Problem statement:
Using the entries below, copy exactly each line from the line with "商品相册:红色小象儿童蓬松洗发水 3-6-12-15岁 无硅油弱酸性" up to and including the line with "The grip is", with every picture left out.

Data extract:

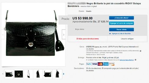Por ejemplo, en eBay una cartera para mujer elaborada con la piel del caimán negro puede llegar a costar 4.000 dólares. Cinturones, chamarras, portafolios, calzados y botas, todos cotizados en dólares, se suman a la oferta de productos creados con la piel de este reptil.
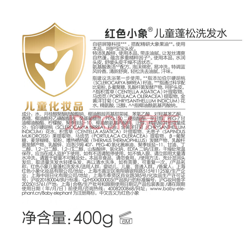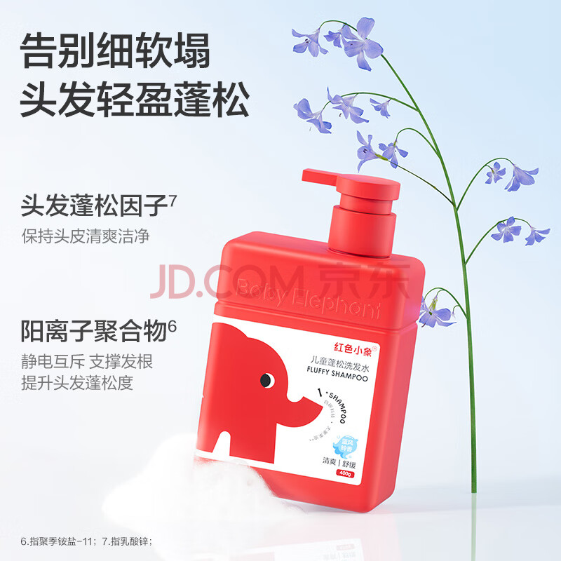商品相册:红色小象儿童蓬松洗发水 3-6-12-15岁 无硅油弱酸性 蓬松舒缓头皮400g第
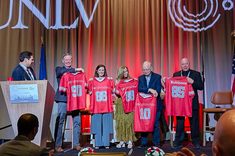 Bob's old workplace, the Center for Business and Economic Research at the University of Nevada, Las Vegas celebrated their 50 year anniversary at their Annual Economic Outlook on November 13th. In recognition of Bob's working 20 years of the Center's 50 years, Bob got to join other long serving staff for a little stage time. They each received football jersey's with the number representing the year they started working at the Center. |
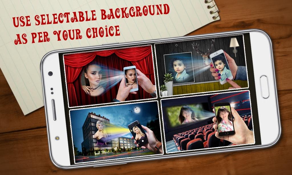 Select Projector frame of your choice and add your photo to create projection image. you can adjust your image to fit into mobile it will give real projection look to your image. you can add saturation to your photo as your choice.
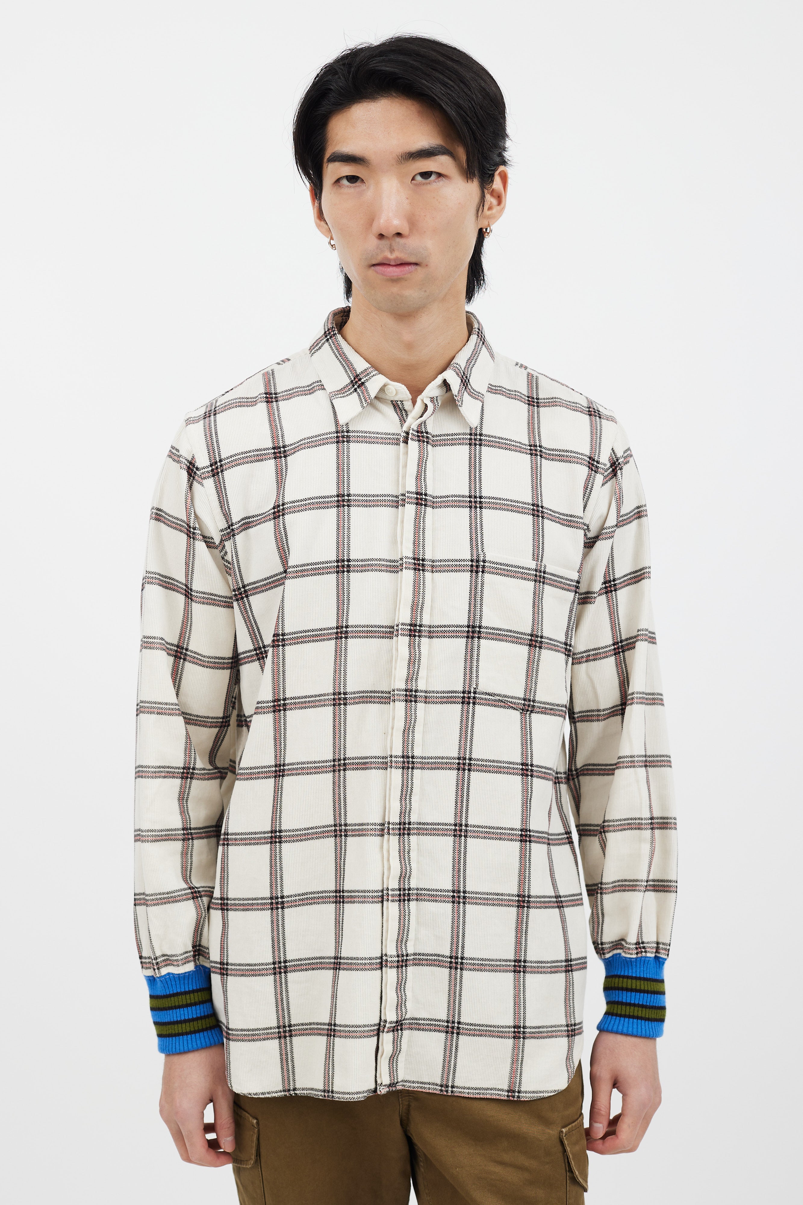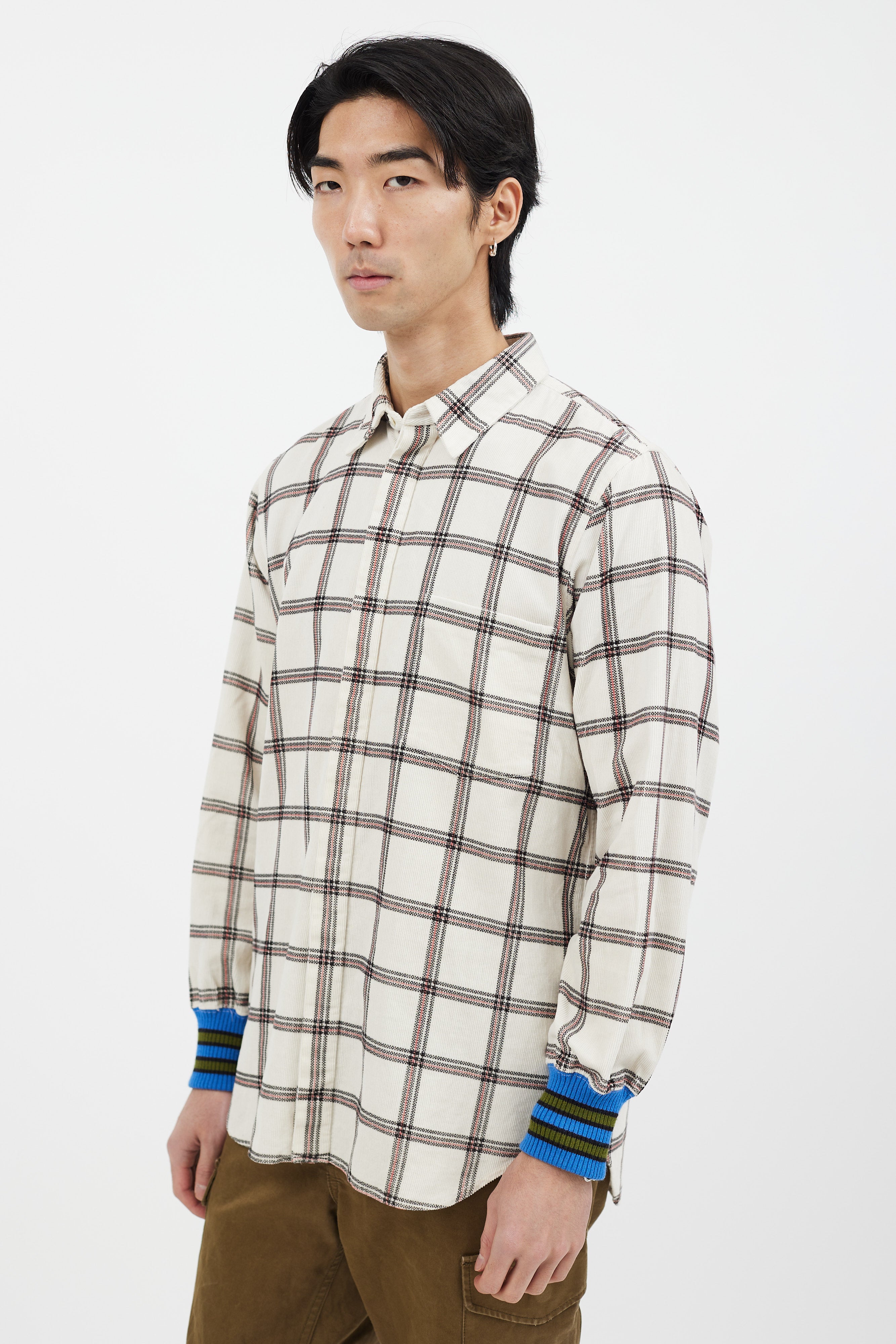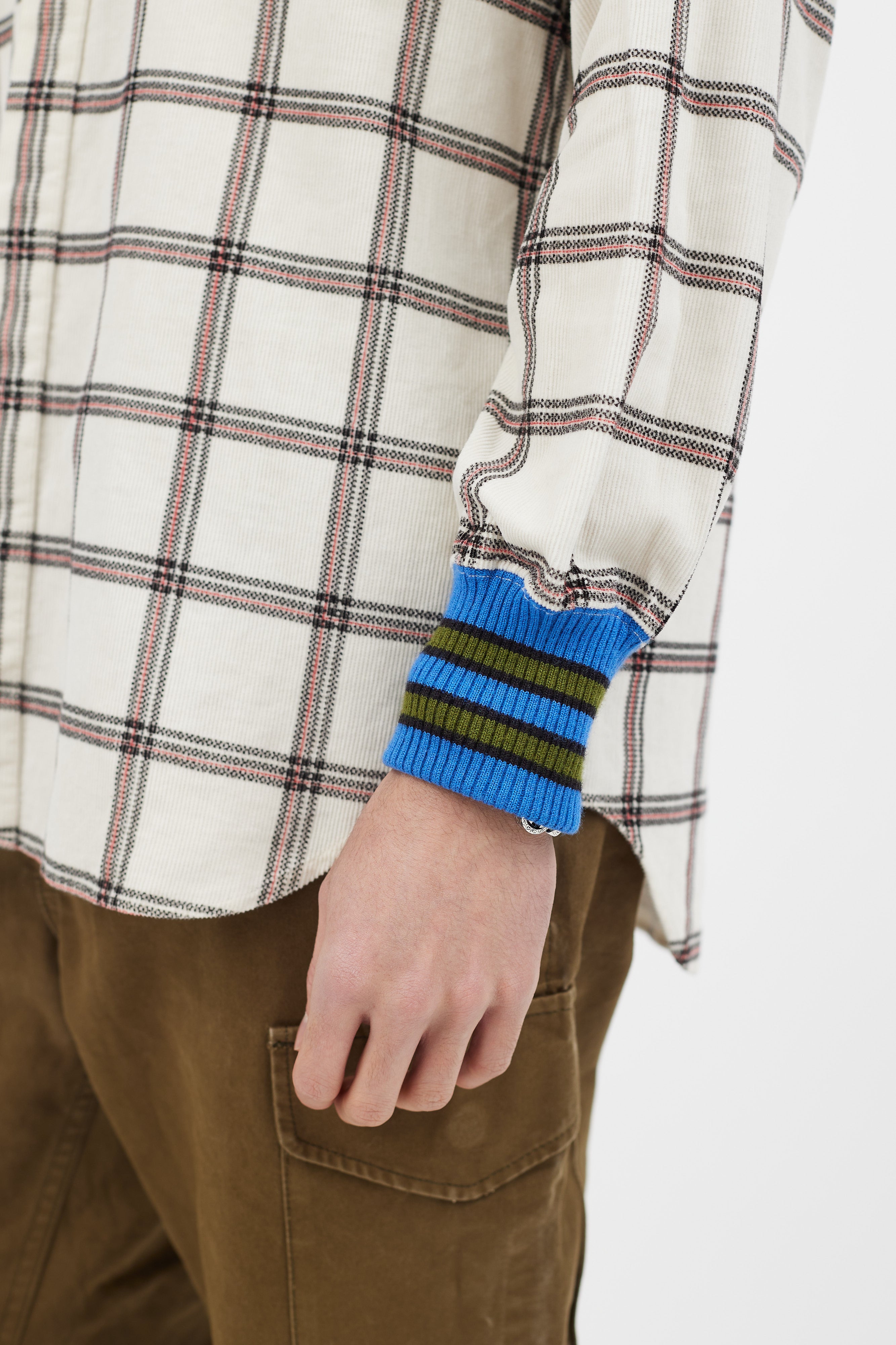 Pre-owned Comme Des Garçons white & pink plaid corduroy long sleeve shirt featuring button up front, point collar and knit blue and green ribbed cuffs.
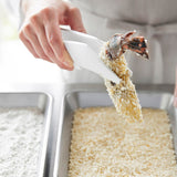 The grip is wide and easy to hold. The food won't slip easily, making it convenient for serving.
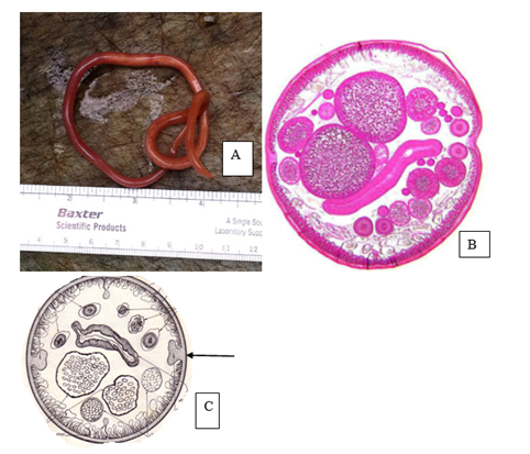 Un hombre de 31 años, originalmente de Ecuador, vomitó lo que parecía un gusano largo. Presentó dolor abdominal de 5 días de evolución. El objeto (Figura ) medía 27 centímetros de largo. El objeto fue enviado a un laboratorio de patología y le realizaron cortes transversales. Los cuales observan a continuación. ¿Cuál es la forma evolutiva que se debe ingerir para infectarse por este parásito?
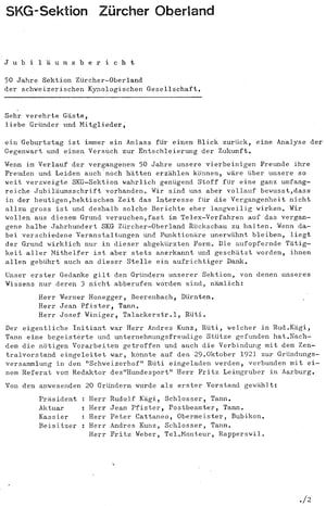Jubiläumsbericht des damaligen Präsidenten Otmar Kocherhans anlässlich der 50 Jahrfeier.

Solution to the problem:
商品相册:红色小象儿童蓬松洗发水 3-6-12-15岁 无硅油弱酸性 蓬松舒缓头皮400g第
 Bob's old workplace, the Center for Business and Economic Research at the University of Nevada, Las Vegas celebrated their 50 year anniversary at their Annual Economic Outlook on November 13th. In recognition of Bob's working 20 years of the Center's 50 years, Bob got to join other long serving staff for a little stage time. They each received football jersey's with the number representing the year they started working at the Center. |
 Select Projector frame of your choice and add your photo to create projection image. you can adjust your image to fit into mobile it will give real projection look to your image. you can add saturation to your photo as your choice.
 Pre-owned Comme Des Garçons white & pink plaid corduroy long sleeve shirt featuring button up front, point collar and knit blue and green ribbed cuffs.
 The grip is wide and easy to hold. The food won't slip easily, making it convenient for serving.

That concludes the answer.